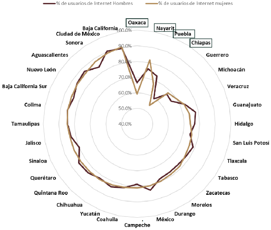 46 El objetivo se considera alcanzado si el puntaje de paridad de género -definido como el porcentaje de mujeres que usan Internet dividido por el porcentaje de hombres que usan Internet- es al menos 0,98. (https://datahub.itu.int/dashboards/umc/indicator/?e=MEX&i=34674), consultado el 05-septiembre-2023
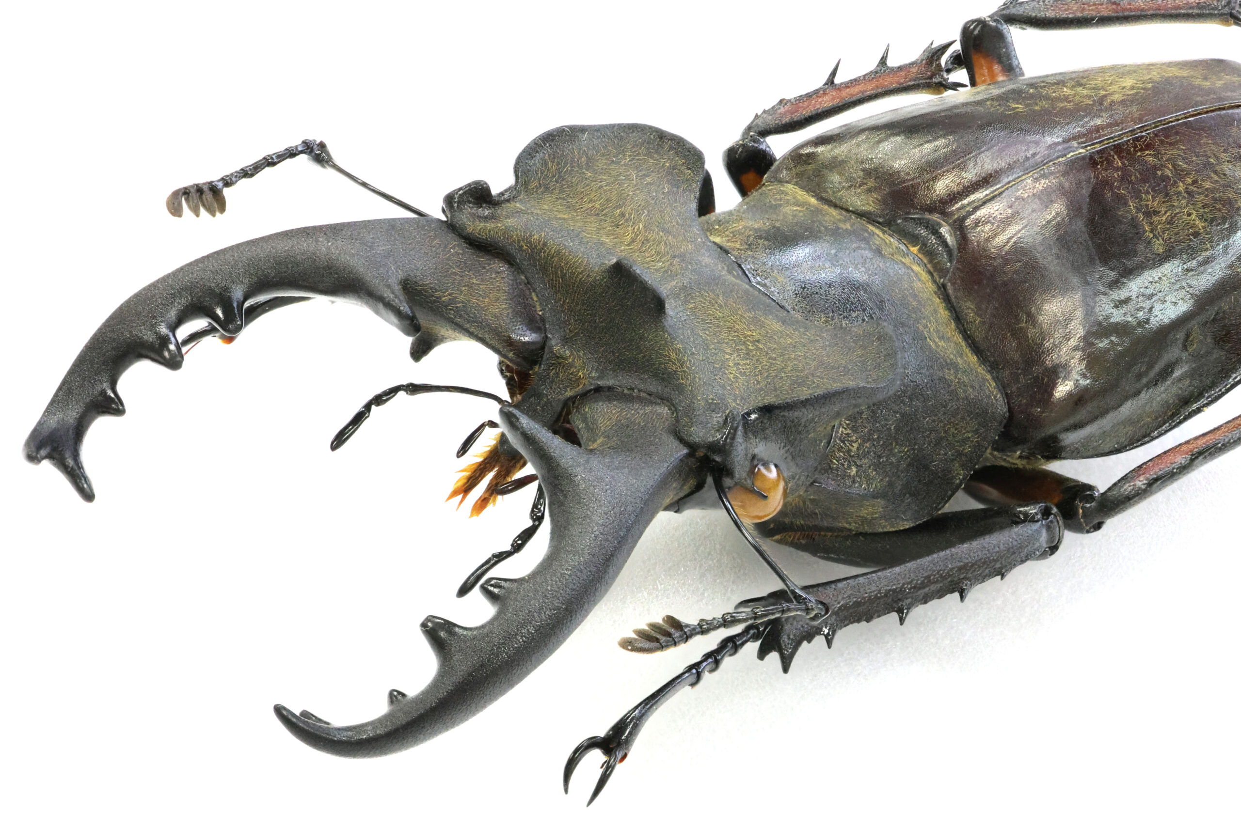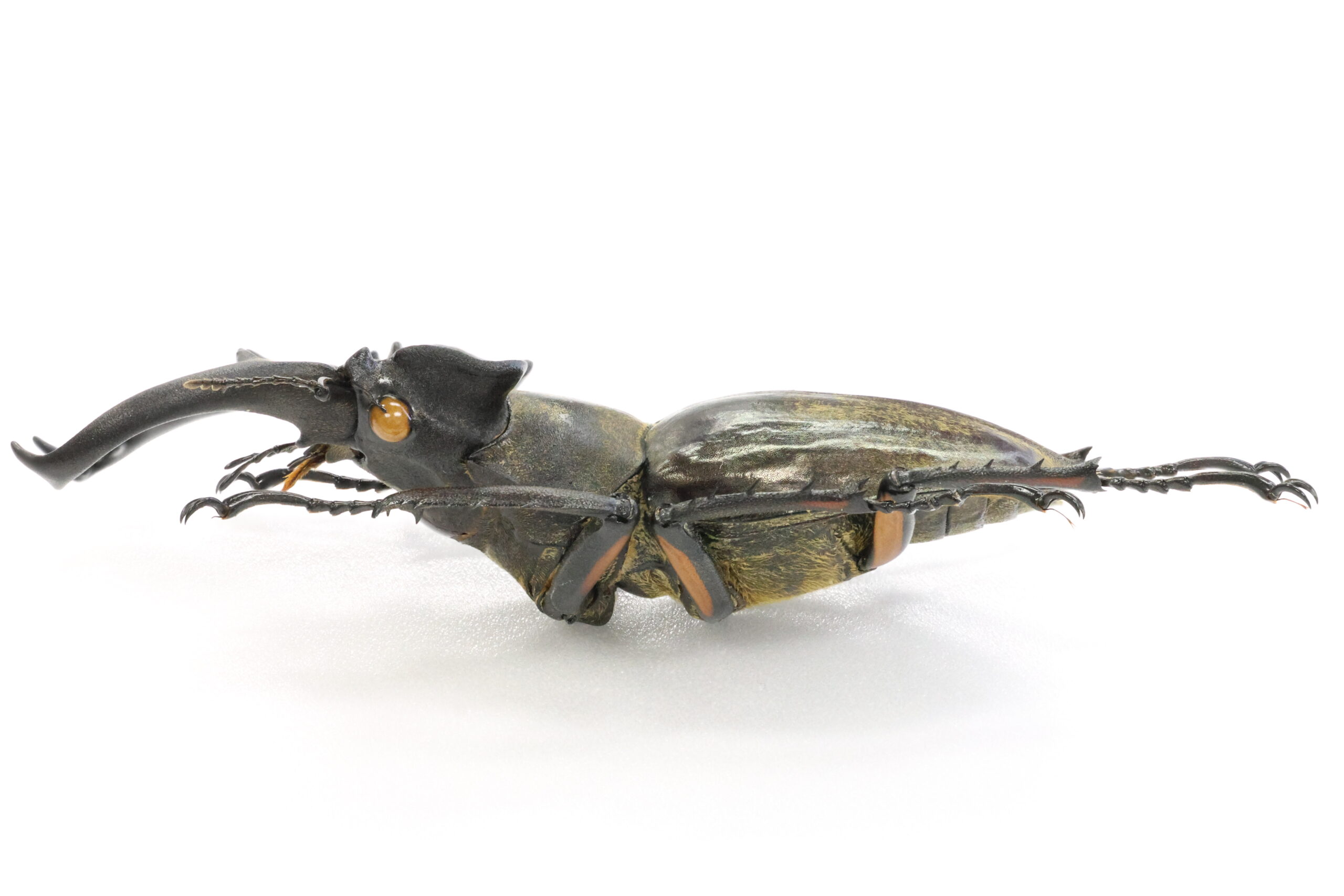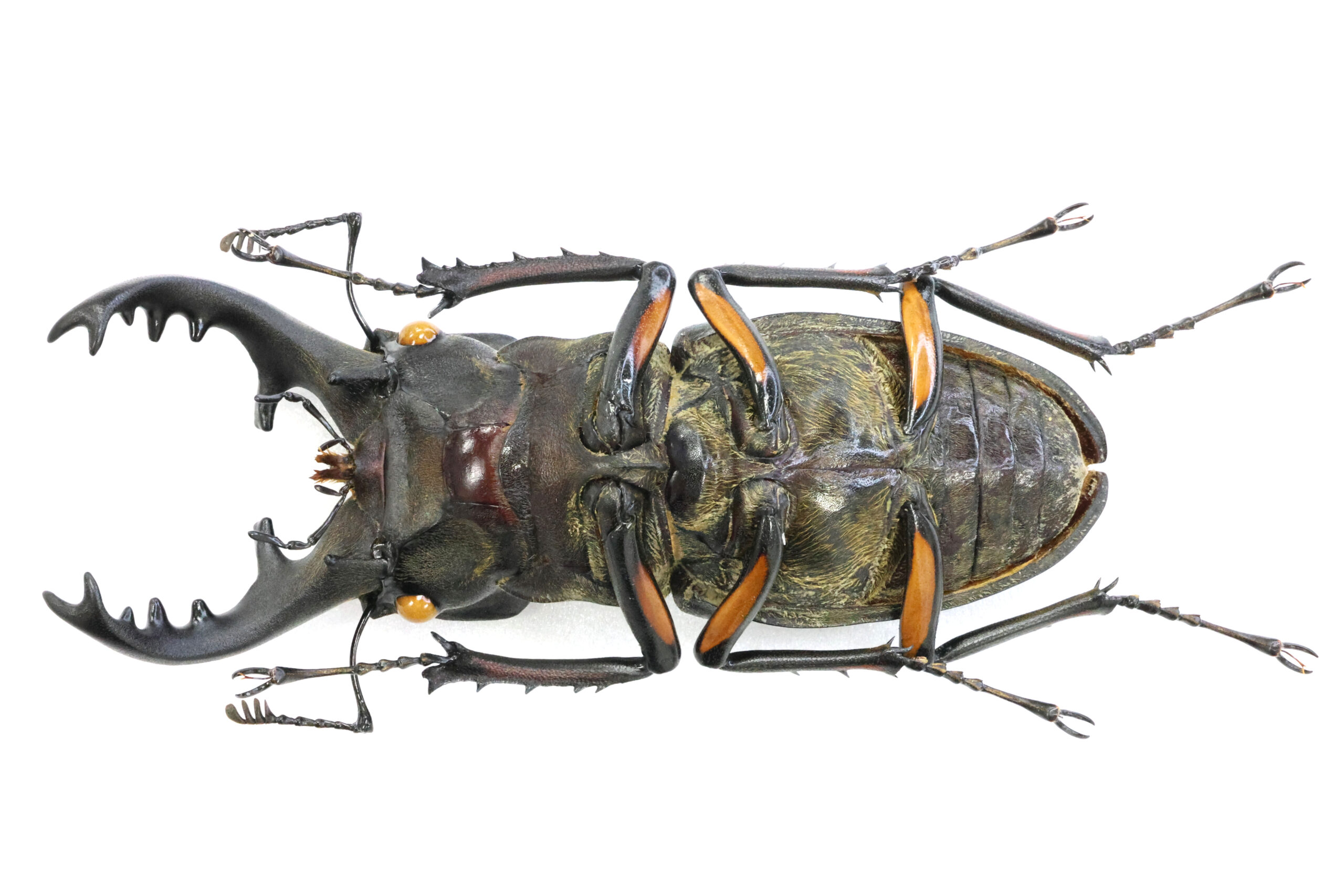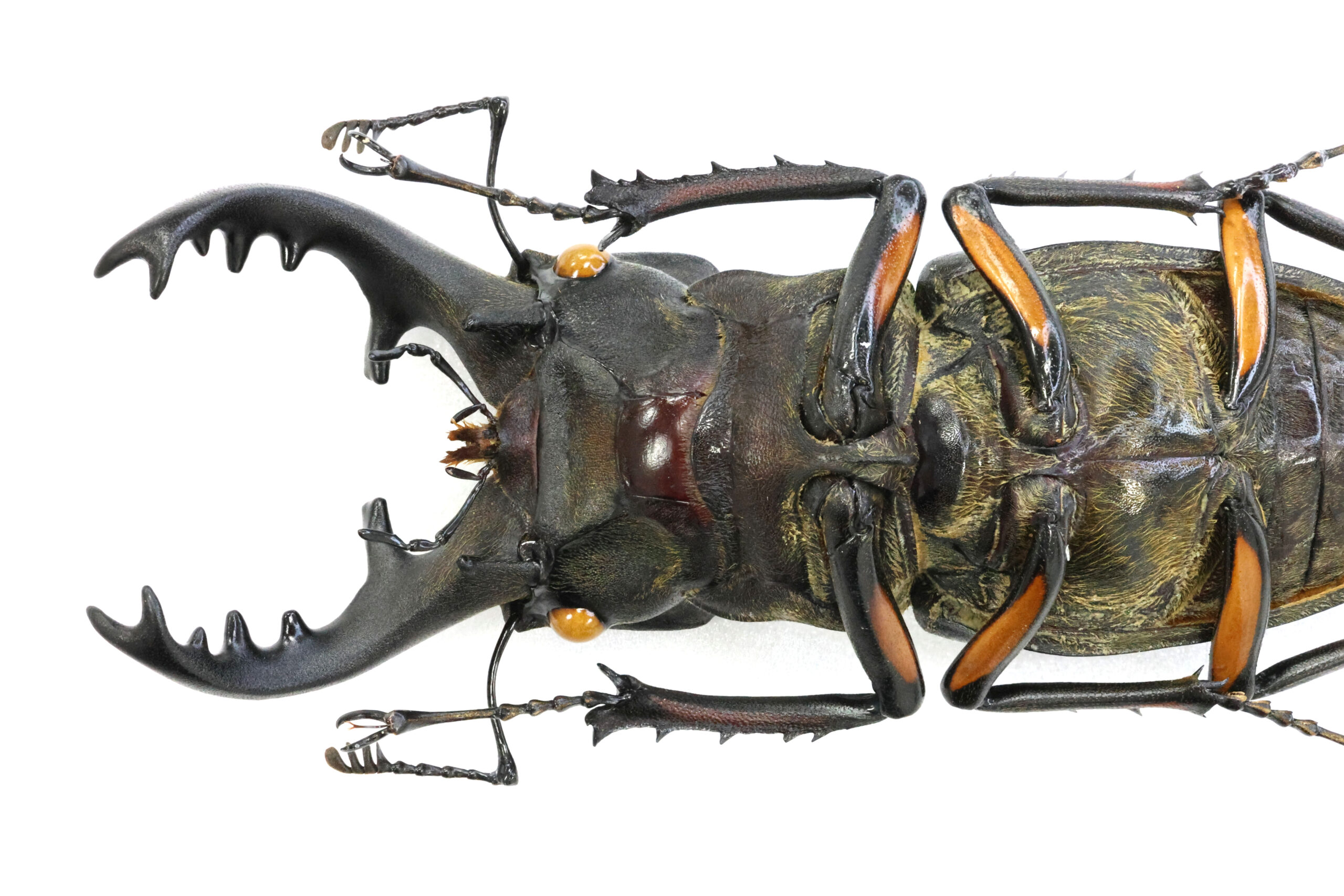 ミヤマクワガタは、他の日本産クワガタにない特徴をたくさん持っています。体を覆う金色の微毛(♂だけ)、脚の根元がオレンジ色、そして頭部の真ん中にドンと出っ張りがあります。この突起も何か意味があるのでしょうね。敵の攻撃をブロックするため??昔はもっと長かったとか!格好良いですね。
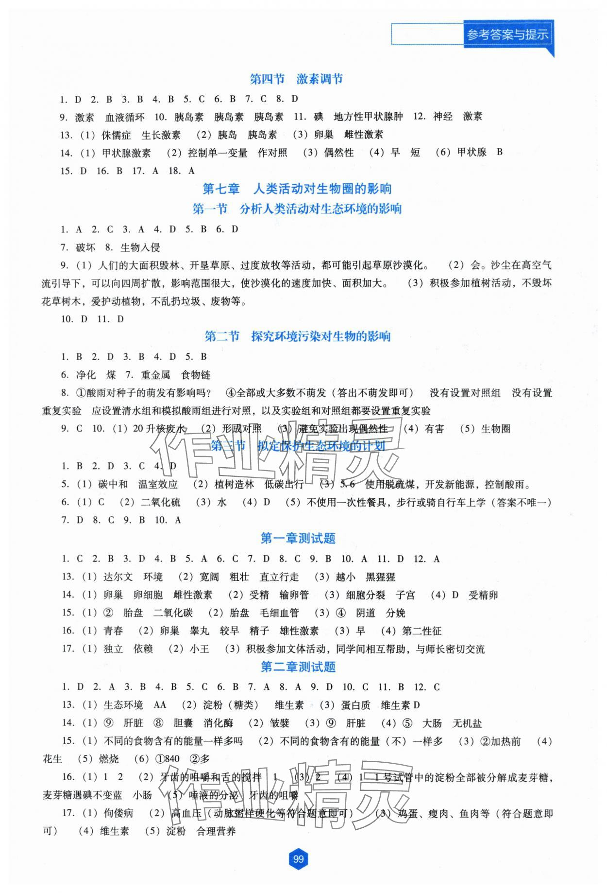 注:目前有些书本章节名称可能整理的还不是很完善,但都是按照顺序排列的,请同学们按照顺序仔细查找。练习册 2024年新课程能力培养七年级生物下册人教版D版 答案主要是用来给同学们做完题方便对答案用的,请勿直接抄袭。
——
Directions | Would you repeat the material exactly, keeping out any pictures?

Task response |
 46 El objetivo se considera alcanzado si el puntaje de paridad de género -definido como el porcentaje de mujeres que usan Internet dividido por el porcentaje de hombres que usan Internet- es al menos 0,98. (https://datahub.itu.int/dashboards/umc/indicator/?e=MEX&i=34674), consultado el 05-septiembre-2023
 ミヤマクワガタは、他の日本産クワガタにない特徴をたくさん持っています。体を覆う金色の微毛(♂だけ)、脚の根元がオレンジ色、そして頭部の真ん中にドンと出っ張りがあります。この突起も何か意味があるのでしょうね。敵の攻撃をブロックするため??昔はもっと長かったとか!格好良いですね。
 注:目前有些书本章节名称可能整理的还不是很完善,但都是按照顺序排列的,请同学们按照顺序仔细查找。练习册 2024年新课程能力培养七年级生物下册人教版D版 答案主要是用来给同学们做完题方便对答案用的,请勿直接抄袭。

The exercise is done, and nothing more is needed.